--- Data in this exercise ---

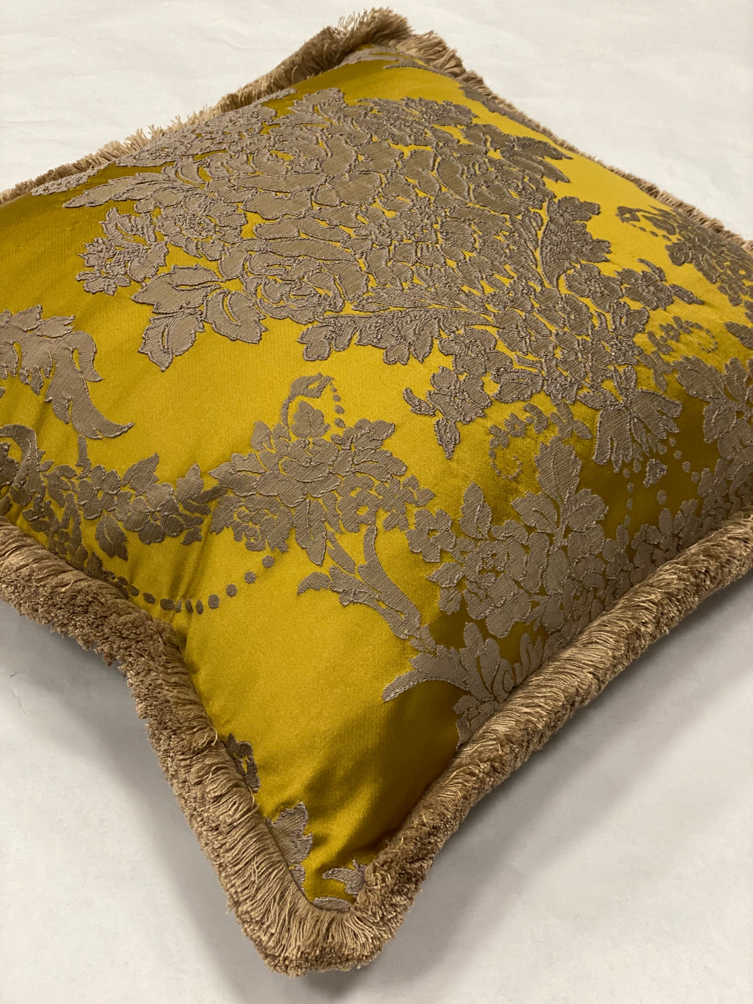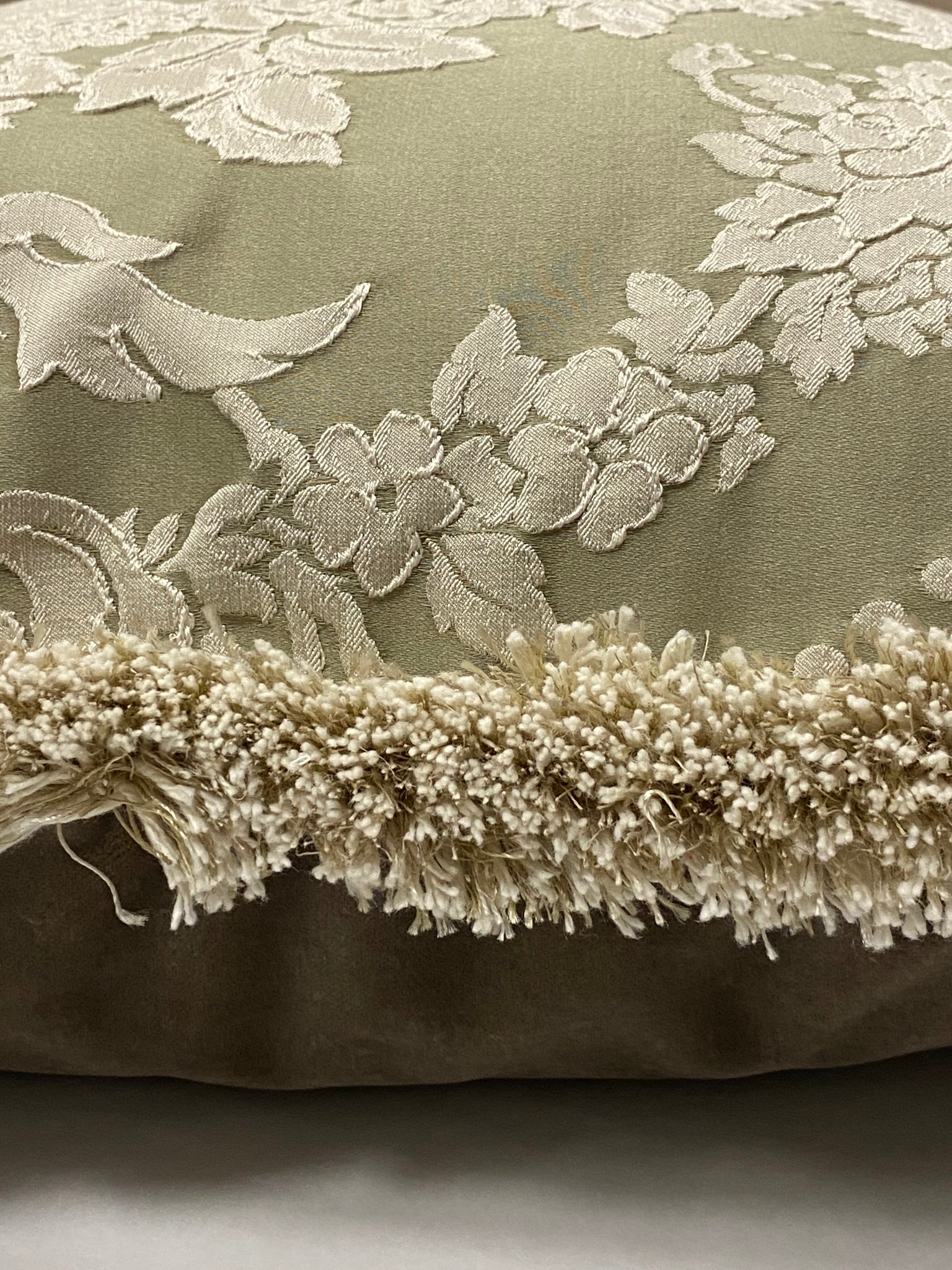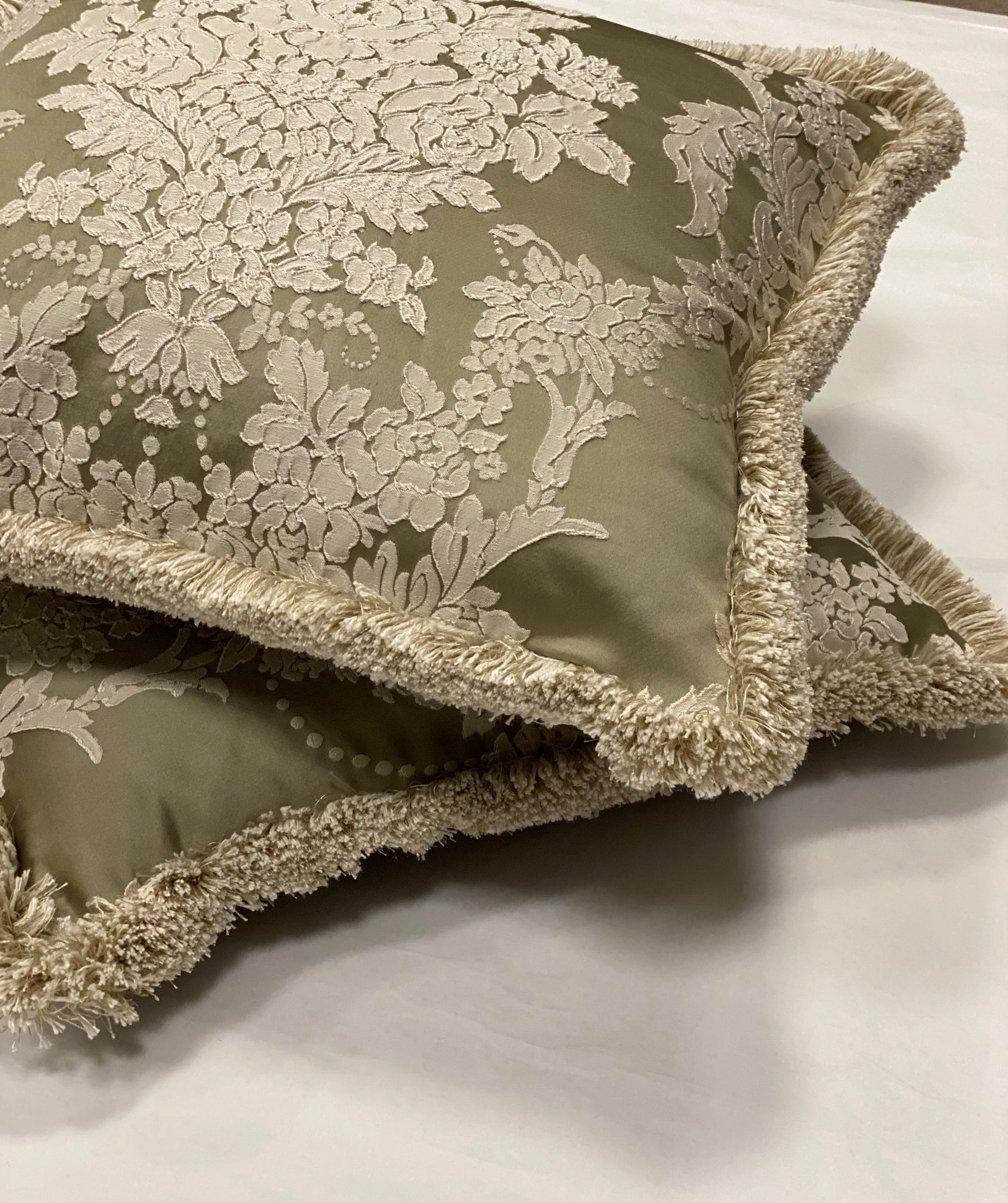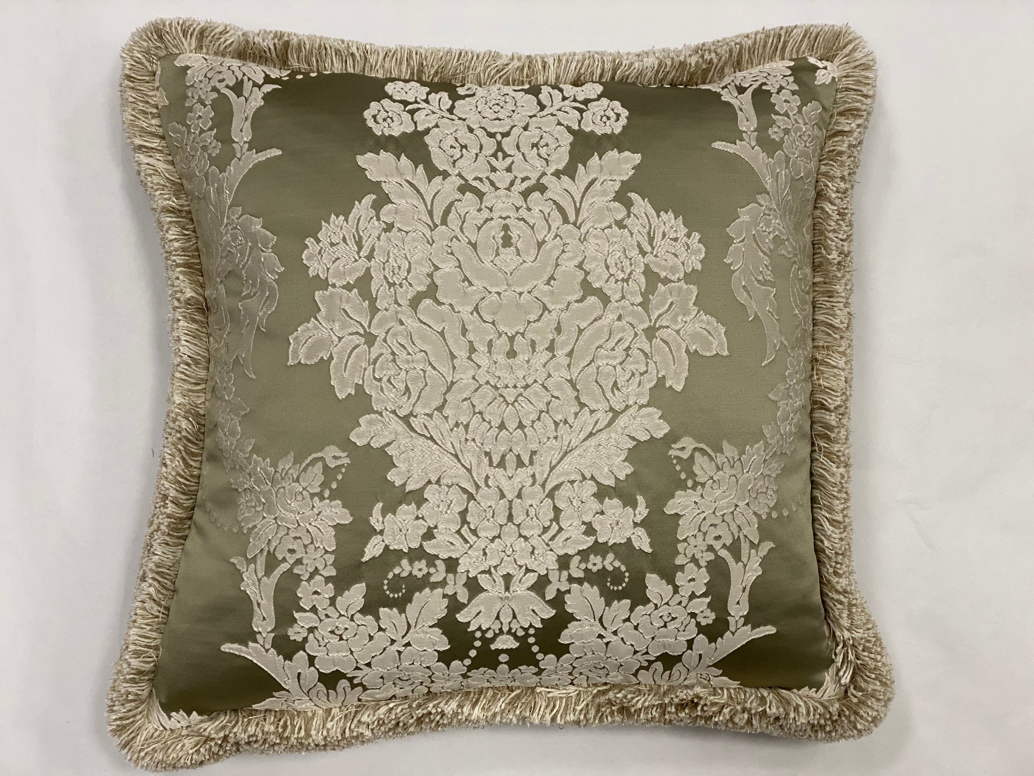 CUSCINO SARTORIALE REALIZZATO CON UN ELEGANTE DAMASCO DOVE LE TRAME SI INTRECCIANO CREANDO UN EFFETTO TRIDIMENSIONALE COME QUELLO DI UN PIZZO SOVRAPPOSTO.
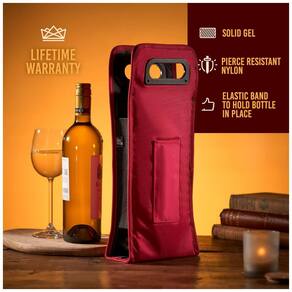 Mantém as garrafas frias Ao contrário dos pacotes de gelo ou sacos de vinho de neoprene, o gel sólido em nossa bolsa de transporte de vinho congela rapidamente e mantém suas garrafas de vinho frias por horas. Fácil de usar uma obrigação para seus acessórios de vinho. Ao contrário dos baldes de gelo ou bolsas térmicas, nosso porta vinho não requer gelo. Coloque nossa bolsa de vinho no freezer por algumas horas. Quando estiver pronto para ir, tire o do freezer e coloque sua garrafa de vinho ou garrafa de champanhe dentro. Nossa bolsa de transporte cabe na maioria das garrafas de tamanho. Design de qualidade Nossos sacos de refrigeradores de vinho congeláveis são feitos de nylon resistente a perfurações de alta qualidade. Os lados elásticos permitem que nossa manga de vinho se encaixe na maioria dos tamanhos de garrafa. Presente perfeito para entusiastas do vinho Nossa bolsa de vinho congelável é o presente de vinho perfeito para mulheres ou homens em qualquer ocasião
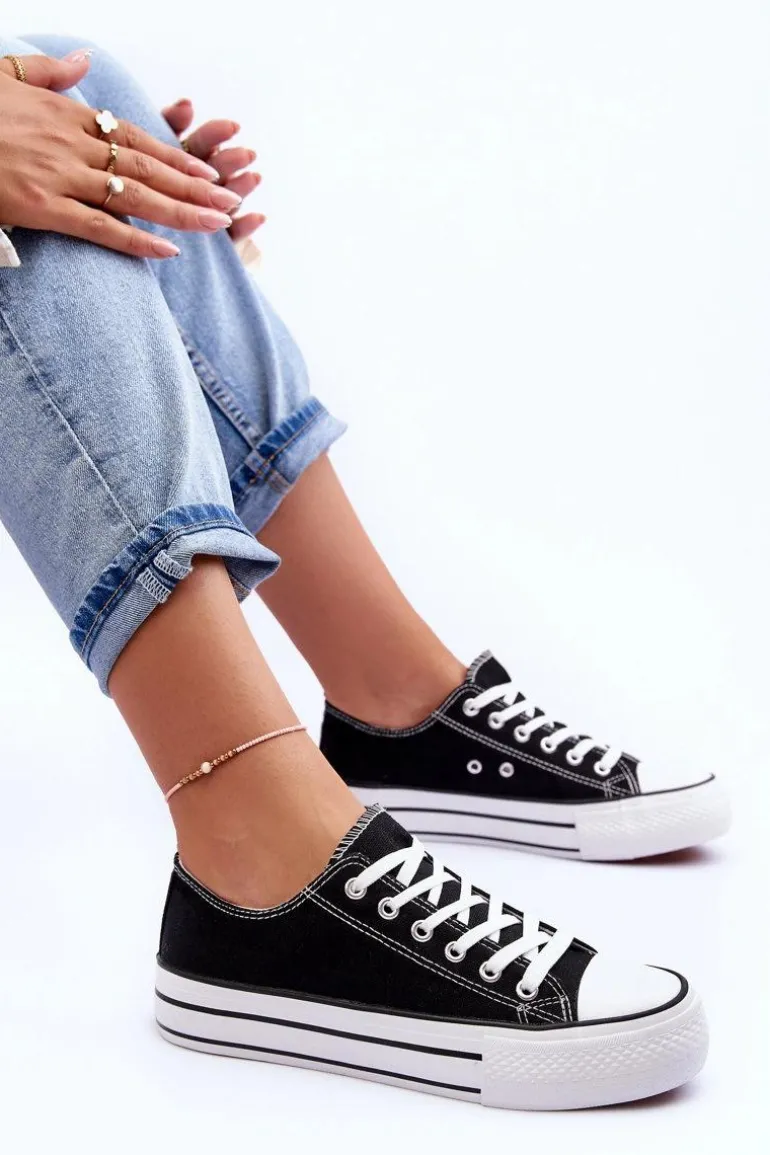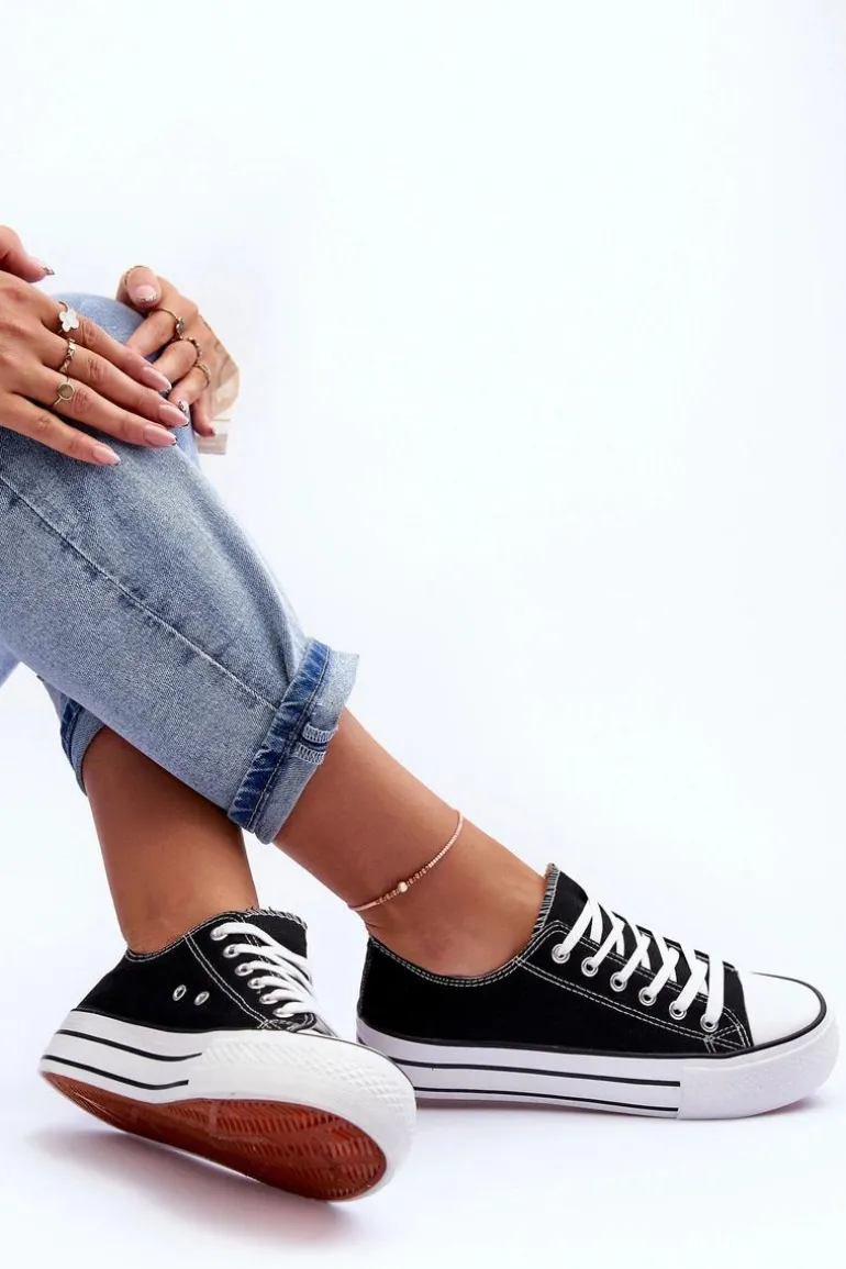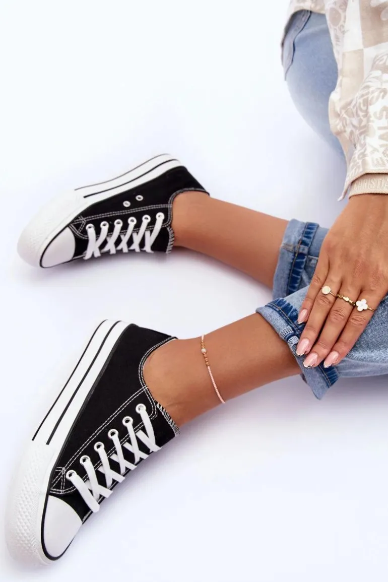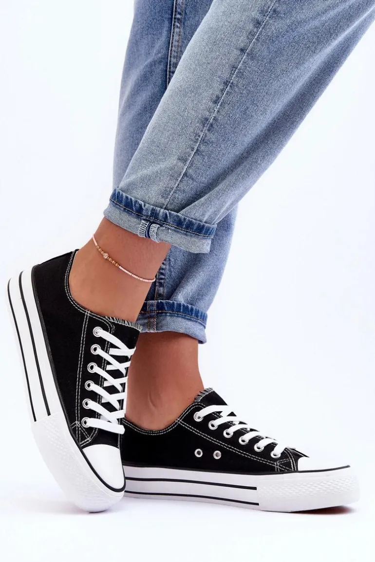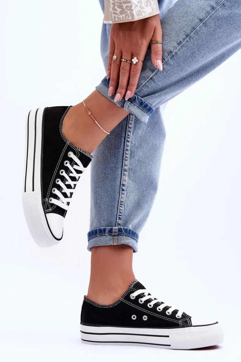 Klasyczne, sznurowane trampki damskie zostały wykonane z materiału tekstylnego. Osadzone na masywnej platformie. Gumowa podeszwa jest antypoślizgowa. Ponadczasowy model, który powinnaś mieć w swojej szafie! Z pewnością założysz je do wielu stylizacji! Nosek został wzmocniony gumowym tworzywem. Przy wyborze rozmiaru prosimy sugerować się tabelą rozmiarów.
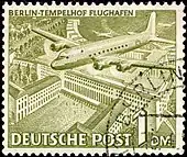 American Overseas Airlines (AOA), at the time the overseas division of American Airlines, inaugurated the first commercial air link serving Tempelhof after the war with a flight from New York via Shannon, Amsterdam and Frankfurt on 18 May 1946.[27][28] This was followed by AOA's inauguration of West Berlin's first dedicated domestic air link between Tempelhof and Frankfurt's Rhein-Main Airport on 1 March 1948.[29]
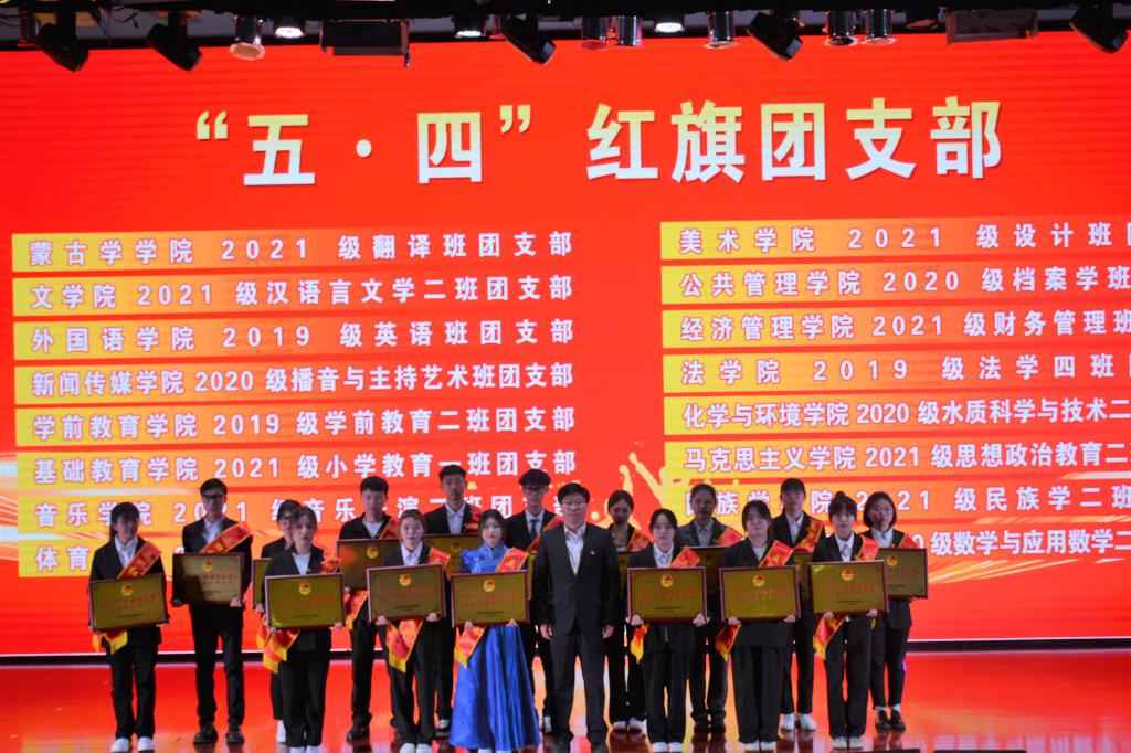 大會對我校2022—2023學年以來涌現出的優秀共青團員、優秀共青團干部、五四紅旗團支部、五四紅旗團總支等先進集體和個人進行了表彰,與會全體校領導為獲獎代表頒獎。

---

*Exercise goal:* Leave out the pictures and copy every record above exactly.

*Answer section:*
 CUSCINO SARTORIALE REALIZZATO CON UN ELEGANTE DAMASCO DOVE LE TRAME SI INTRECCIANO CREANDO UN EFFETTO TRIDIMENSIONALE COME QUELLO DI UN PIZZO SOVRAPPOSTO.
 Mantém as garrafas frias Ao contrário dos pacotes de gelo ou sacos de vinho de neoprene, o gel sólido em nossa bolsa de transporte de vinho congela rapidamente e mantém suas garrafas de vinho frias por horas. Fácil de usar uma obrigação para seus acessórios de vinho. Ao contrário dos baldes de gelo ou bolsas térmicas, nosso porta vinho não requer gelo. Coloque nossa bolsa de vinho no freezer por algumas horas. Quando estiver pronto para ir, tire o do freezer e coloque sua garrafa de vinho ou garrafa de champanhe dentro. Nossa bolsa de transporte cabe na maioria das garrafas de tamanho. Design de qualidade Nossos sacos de refrigeradores de vinho congeláveis são feitos de nylon resistente a perfurações de alta qualidade. Os lados elásticos permitem que nossa manga de vinho se encaixe na maioria dos tamanhos de garrafa. Presente perfeito para entusiastas do vinho Nossa bolsa de vinho congelável é o presente de vinho perfeito para mulheres ou homens em qualquer ocasião
 Klasyczne, sznurowane trampki damskie zostały wykonane z materiału tekstylnego. Osadzone na masywnej platformie. Gumowa podeszwa jest antypoślizgowa. Ponadczasowy model, który powinnaś mieć w swojej szafie! Z pewnością założysz je do wielu stylizacji! Nosek został wzmocniony gumowym tworzywem. Przy wyborze rozmiaru prosimy sugerować się tabelą rozmiarów.
 American Overseas Airlines (AOA), at the time the overseas division of American Airlines, inaugurated the first commercial air link serving Tempelhof after the war with a flight from New York via Shannon, Amsterdam and Frankfurt on 18 May 1946.[27][28] This was followed by AOA's inauguration of West Berlin's first dedicated domestic air link between Tempelhof and Frankfurt's Rhein-Main Airport on 1 March 1948.[29]
 大會對我校2022—2023學年以來涌現出的優秀共青團員、優秀共青團干部、五四紅旗團支部、五四紅旗團總支等先進集體和個人進行了表彰,與會全體校領導為獲獎代表頒獎。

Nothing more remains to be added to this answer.